#### Workflow
1. Initialize Workspace & creat workspace handle
2. Initialize
    - compute Cluster 
    - Environment
3. Create a .py scripts Data Processing & Training Model
4. Create Components
5. Build Pipeline using Components
6. Get Data Path
7. Initiate Pipeline

##### Step 1: Initialize Workspace and Create Workspace handle

In [None]:
from azureml.core import Workspace
from azure.ai.ml import MLClient
from azure.identity import DefaultAzureCredential

# Initialize  workspace
ws = Workspace.from_config()  

# Get a handle to the workspace
credential = DefaultAzureCredential()  # authenticate
ml_client = MLClient( credential=credential,
                      subscription_id=ws.subscription_id,
                      resource_group_name=ws.resource_group,
                      workspace_name=ws.name,
                    )


##### Step 2: Initialize Compute Cluster & Environment

In [None]:
from azure.ai.ml.entities import AmlCompute

# Name assigned to the compute cluster
compute = "ML-Pipeline-Cluster"

try:
    cpu_cluster = ml_client.compute.get(compute)
    print(f"You already have a cluster named {compute}, we'll reuse it as is.")

except Exception:
    print("Creating a new cpu compute target...")
    cpu_cluster = AmlCompute(
        name=compute,
        type="amlcompute",
        size="STANDARD_DS3_V2",
        min_instances=0,
        max_instances=4,
        idle_time_before_scale_down=300,
        tier="Dedicated",
    )
    
    print(f"AMLCompute with name {cpu_cluster.name} will be created, with compute size {cpu_cluster.size}")
    # Now, we pass the object to MLClient's create_or_update method
    cpu_cluster = ml_client.compute.begin_create_or_update(cpu_cluster)

##### Environment

In [None]:
import os
from azure.ai.ml.entities import Environment

custom_env_name  = "ENV-SDKv2"
# dependencies_dir = '../dependencies'
# env = Environment( name=custom_env_name,
#                    description="Evironment for python SDKv2 Execution",
#                    conda_file=os.path.join(dependencies_dir, "conda.yaml"),
#                    image="mcr.microsoft.com/azureml/openmpi4.1.0-ubuntu20.04:latest",
#                  )
# env = ml_client.environments.create_or_update(env)

# GET ENVIRONMENT
# use 'label' parameter to get latest environment for example label='latest'
# use 'version' parameter to get specific version environment, for example version=2
env = ml_client.environments.get(name=custom_env_name, label='latest') 

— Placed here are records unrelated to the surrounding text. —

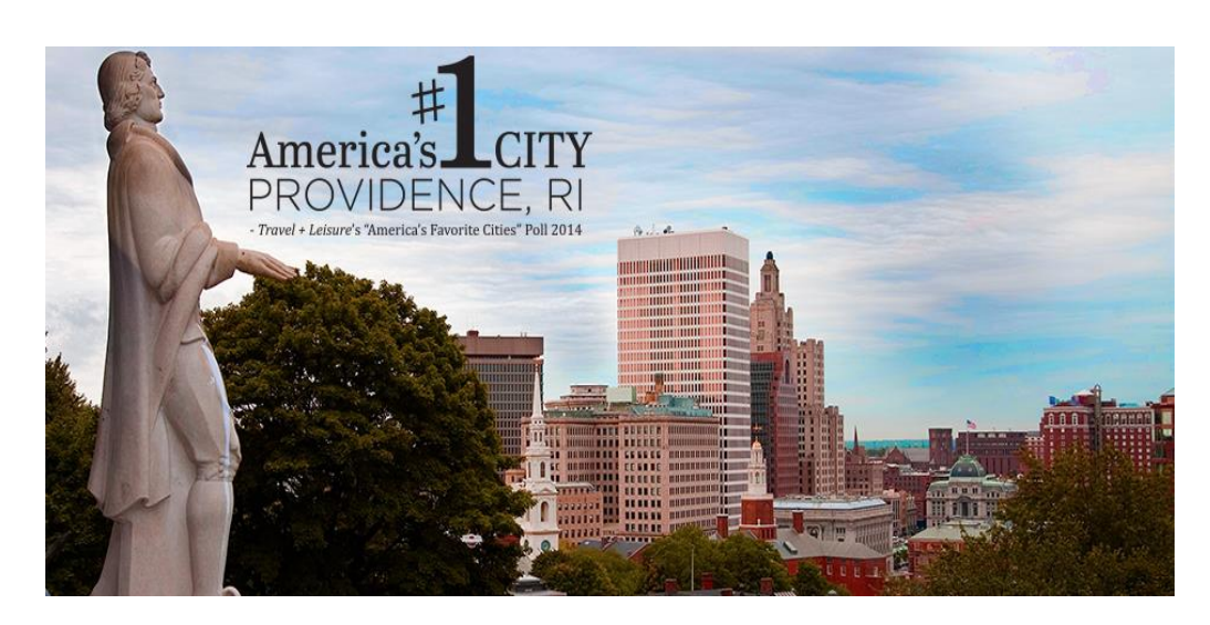
Statue of Roger Williams who founded Rhode Island in 1636 overlooks the city of Providence

Make your plans now to attend the fabulous 2015 Convention/Vacation of Catholic Alumni Clubs International scheduled at the Crowne Plaza hotel in the Providence, Rhode Island suburb of Warwick from Sunday afternoon, July 19 , to Saturday afternoon, July 25 . This 55th annual gathering of CACers from throughout the United States will include social events, daily mass, elaborate breakfasts, four hotel banquet dinners, a clambake on the shores of Narragansett Bay on Monday evening and much more in addition to opportunities to sign up for several historic and culinary tours .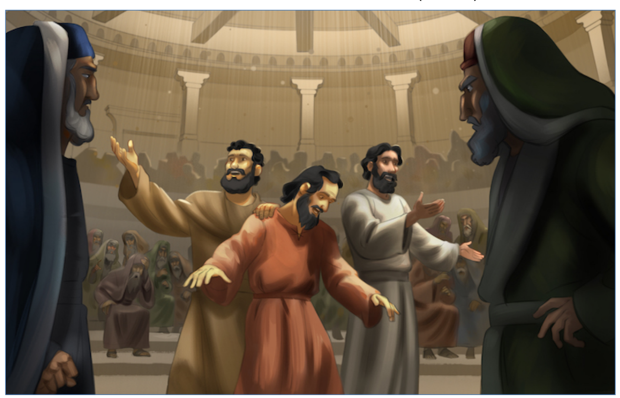
Unit 30, Session 3 Peter Continued to Preach (Acts 3)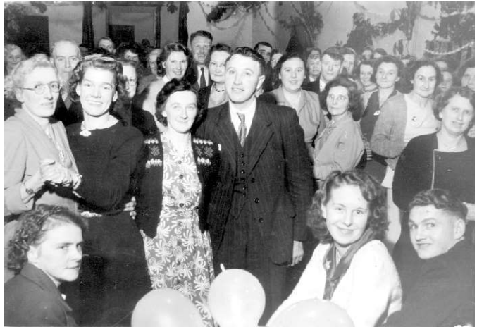
A Yew Tree Hall Dance from the 1950's.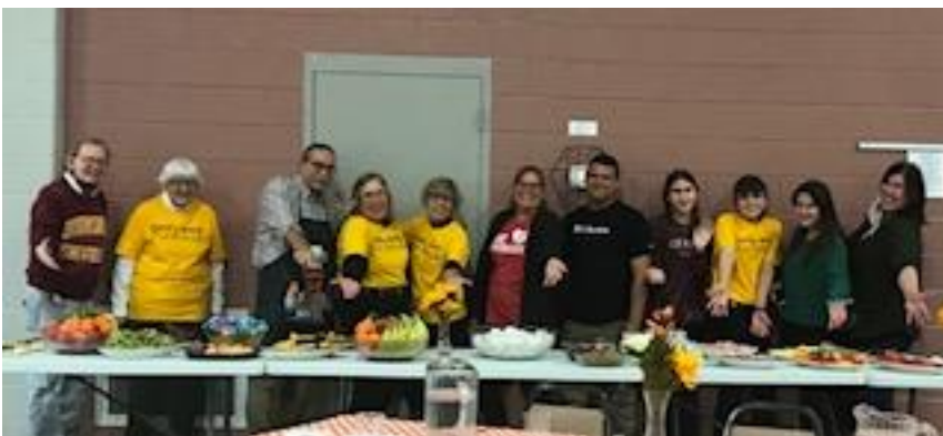
The Brunch Bunch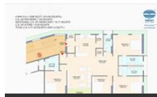
Floor Plan Block B-1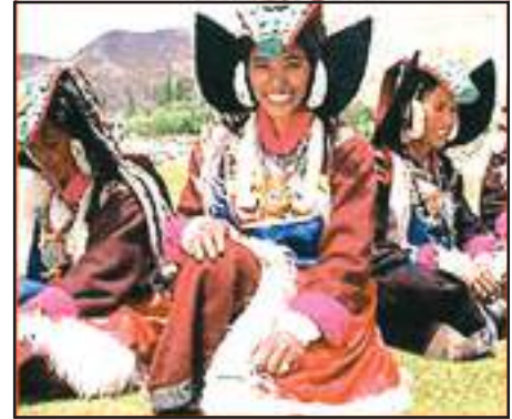
Fig. 9.6: Ladakhi Women in Traditional Dress

Life of people is undergoing change due to modernisation. But the people of Ladakh have over the centuries learned to live in balance and harmony with nature. Due to scarcity of resources like water and fuel, they are used with reverence and care. Nothing is discarded or wasted.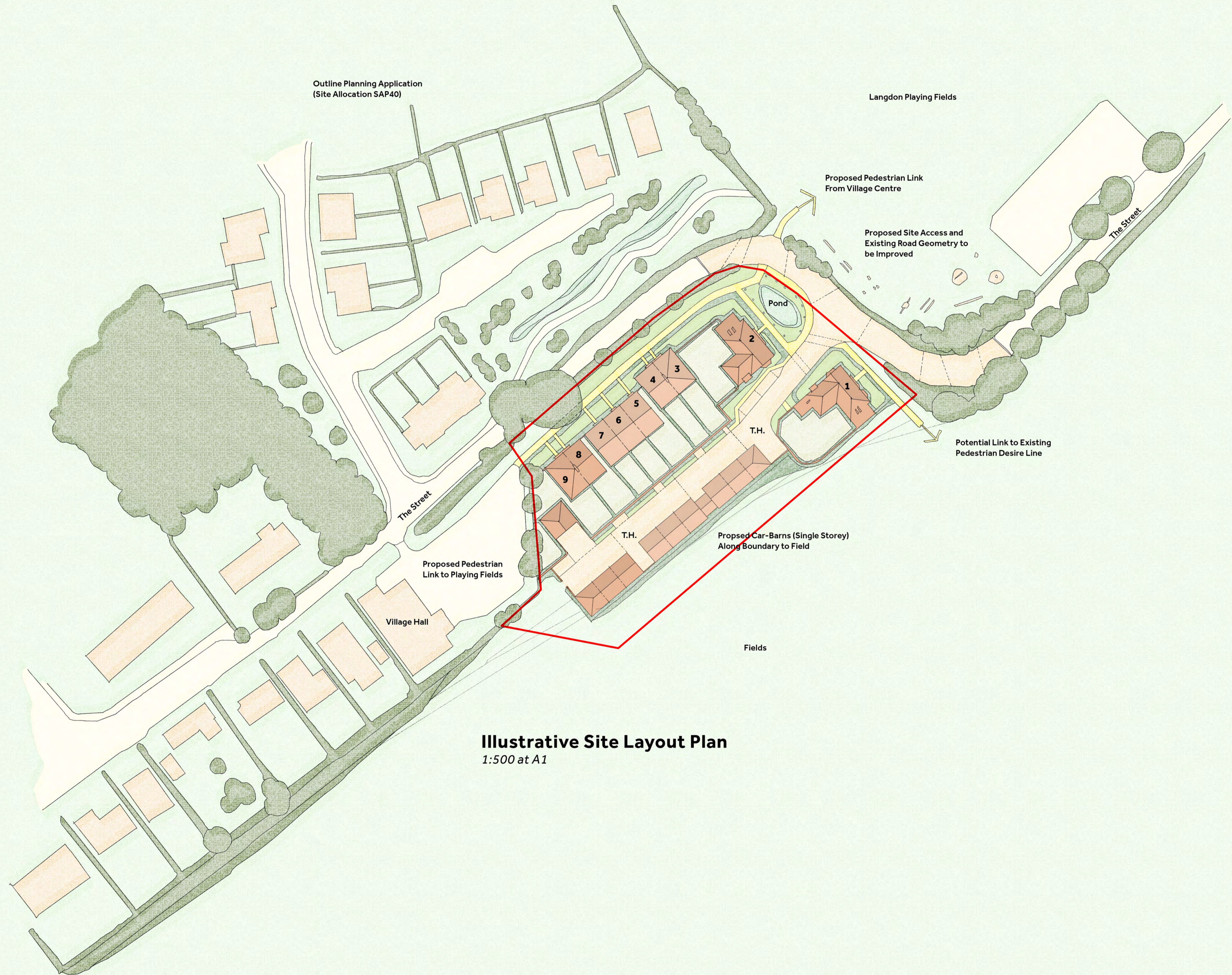
Illustrative Site Layout Plan 1:500 at A1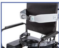
P11116 Bodypoint® Trunk Belt & Waist Belt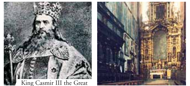
King Casimir III the Great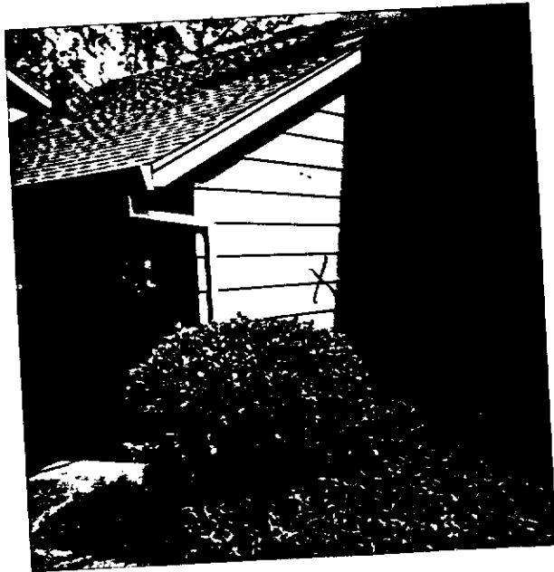
#19 6060 Gloria Dr. subject site, Sacramento subject wall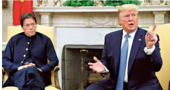
Offering help: U.S. President Donald Trump with Pakistan Prime Minister Imran Khan in the Oval Office on Monday.

"If I can help, I would love to be a mediator. If I can do anything to help, let me know," Mr. Trump said. He said Indian Prime Minister Narendra Modi broached the subject during their meeting in Osaka, Japan, last month. "I was with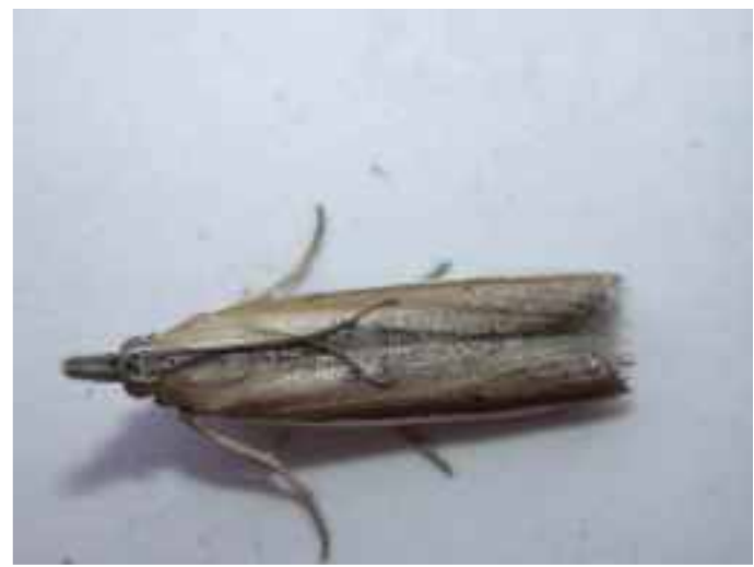
boisduvaliella - Hythe - 29th/30th July (above & below)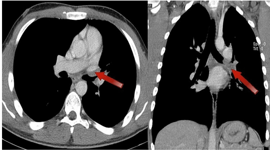
FIGURE 2: Axial and coronal images with contrast from March 27, 2020 (two months after initiation of therapy)

Demonstrates a significant improvement in the mass, now measuring 2.5 cm x 0.9 cm (indicated by red arrows).

print(f"Environment with name {env.name} is registered to workspace, the environment version is {env.version}")

##### Step 3: Create Components to Build Pipeline

Now that you have all assets required to run your pipeline, it's time to build the pipeline itself.

Azure Machine Learning pipelines are reusable ML workflows that usually consist of several components. The typical life of a component is:

- Write the yaml specification of the component, or create it programmatically using `ComponentMethod`.
- Optionally, register the component with a name and version in your workspace, to make it reusable and shareable.
- Load that component from the pipeline code.
- Implement the pipeline using the component's inputs, outputs and parameters.
- Submit the pipeline.

There are two ways to create a component, programmatic and yaml definition. The next two sections walk you through creating a component using programmatic definition

> [!NOTE]
> In this tutorial for simplicity we are using the same compute for all components. However, you can set different computes for each component, for example by adding a line like `train_step.compute = "cpu-cluster"`. To view an example of building a pipeline with different computes for each component, see the [Basic pipeline job section in the cifar-10 pipeline tutorial](https://github.com/Azure/azureml-examples/blob/main/sdk/python/jobs/pipelines/2b_train_cifar_10_with_pytorch/train_cifar_10_with_pytorch.ipynb).

In [None]:
from azure.ai.ml import command
from azure.ai.ml import Input, Output

scripts_dir = "../src"
data_prep_component = command( name="data prep pima diabetes detection",
                               display_name ="Data preparation for inference",
                               description  ="reads input data & preprocesses it",
                               inputs= { "data": Input(type="uri_folder")},

                               outputs=dict( processed_data=Output(type="uri_folder", mode="rw_mount")),
                               code=scripts_dir, # The source folder of the component
                               command="""python pima_inference_dataProcessing_SDKv2.py \
                                        --data ${{inputs.data}} \
                                        --processed_data ${{outputs.processed_data}} \
                                        """,
                               environment=f"{env.name}:{env.version}",
                            )

train_component = command( name="pima diabetes model inference",
                            display_name ="Model inference",
                            inputs= { "processed_data": Input(type="uri_folder"),
                                      "registered_model_name":Input(type='string'),
                                    },
                            outputs=dict(model=Output(type="uri_folder", mode="rw_mount")),
                            code=scripts_dir,
                            command="""python pima_model_inference_SDKv2.py \
                                    --input_data ${{inputs.processed_data}} \
                                    --registered_model_name ${{inputs.registered_model_name}} \
                                    --model ${{outputs.model}} \
                                    """,
                            environment=f"{env.name}:{env.version}",
                            )